Of course Republicans want to secure the borders. Both parties do. But they have different views on how to do it. And more importantly for counting votes in the House and Senate, they diverge on how much to pay for it and what other immigration changes to swap in return.

Sen. Ron Johnson, R-Wis., the chairman of the Homeland Security Committee, recalled an early conversation when he asked Trump on the presidential campaign trail: ”‘You understand it’s way more complex than just building a wall?’ He said he understood that.”

Michael Steel, a top aide to then-House Speaker John Boehner, R-Ohio, said the party agrees that border security should be a priority in Congress. But he said, “no one believes a Great Wall of China-style edifice along the Rio Grande is the answer to our problems.”

It was against that backdrop late last year Democratic House leader Nancy Pelosi, about to take majority control of the House and become speaker, held firm against Trump’s demands and called the wall immoral. Democrats reminded voters that Trump once promised Mexico would pay for it.

Pelosi all but dared Republicans to show their cards, essentially taunting Trump during a meeting at the White House in December that he did not have the votes to support his demand for billions of dollars of wall money.

She had a point. Republicans had not pushed their bill forward during two years of control of the House and the Senate as well as the White House, partly because the GOP budget hawks would balk at the spending and centrists wouldn’t want to fund the wall without addressing other immigration provisions, including deportations for young immigrants in the U.S. illegally, known as “Dreamers.”

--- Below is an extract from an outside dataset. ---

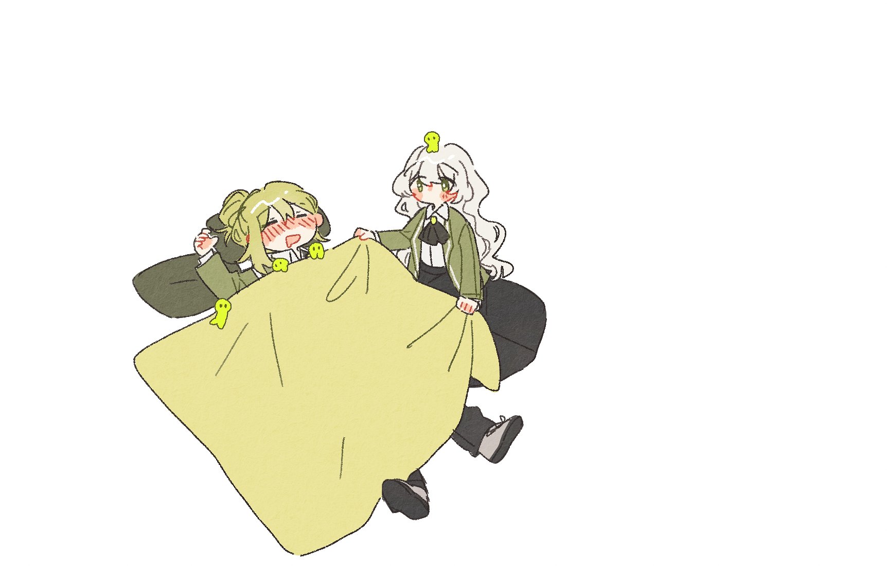 1boy 1girl black_pants black_skirt blanket closed_eyes collared_shirt creature_on_head dress_shirt drooling floor_of_art's_glowing_creature green_hair green_jacket hair_bun highres jacket keicorporationz library_of_ruina long_hair lying mouth_drool netzach_(project_moon) nugget_(project_moon) oc_x_canon original pants pillow project_moon shirt single_hair_bun sitting skirt sleeping under_covers white_background white_hair white_shirt

To prove Pelosi wrong, House Republicans quickly muscled Trump’s $5.7 billion border wall money to passage as one of the final votes of their majority. GOP House leader Kevin McCarthy and others took a victory lap.

But the Republican success was short-lived. The bill went nowhere in the Senate and Congress left town for the Christmas holidays, sparking what would become a 35-day partial government shutdown, the longest in U.S. history.

On Tuesday, Trump said he wasn’t “thrilled” with the compromise to prevent another shutdown, which would begin on Saturday. The bipartisan budget deal emerging in Congress provides nearly $1.4 billion for barriers and fencing, but no new money for the wall.

Senate Majority Leader Mitch McConnell encouraged Trump to hold off any decisions until he read through the details of the package. The GOP leader called it a “pretty good deal.”

A top Republican negotiator, Sen. Richard Shelby of Alabama, the chairman of the Appropriations Committee, put it this way: “We’re going to build a structure. And we’re going to secure America.”

Trump has not said whether he will support the deal, but he appeared to have already moved on to the next fight. As the agreement was coming together Monday night behind closed doors on Capitol Hill, the president was test driving a new campaign slogan at a rally with thousands in the border city of El Paso, Texas.

When the crowd erupted with the build-the-wall chant, Trump offered a new one, for his 2020 re-election campaign.

“You really mean ‘finish the wall,’” he said, “because we built it.”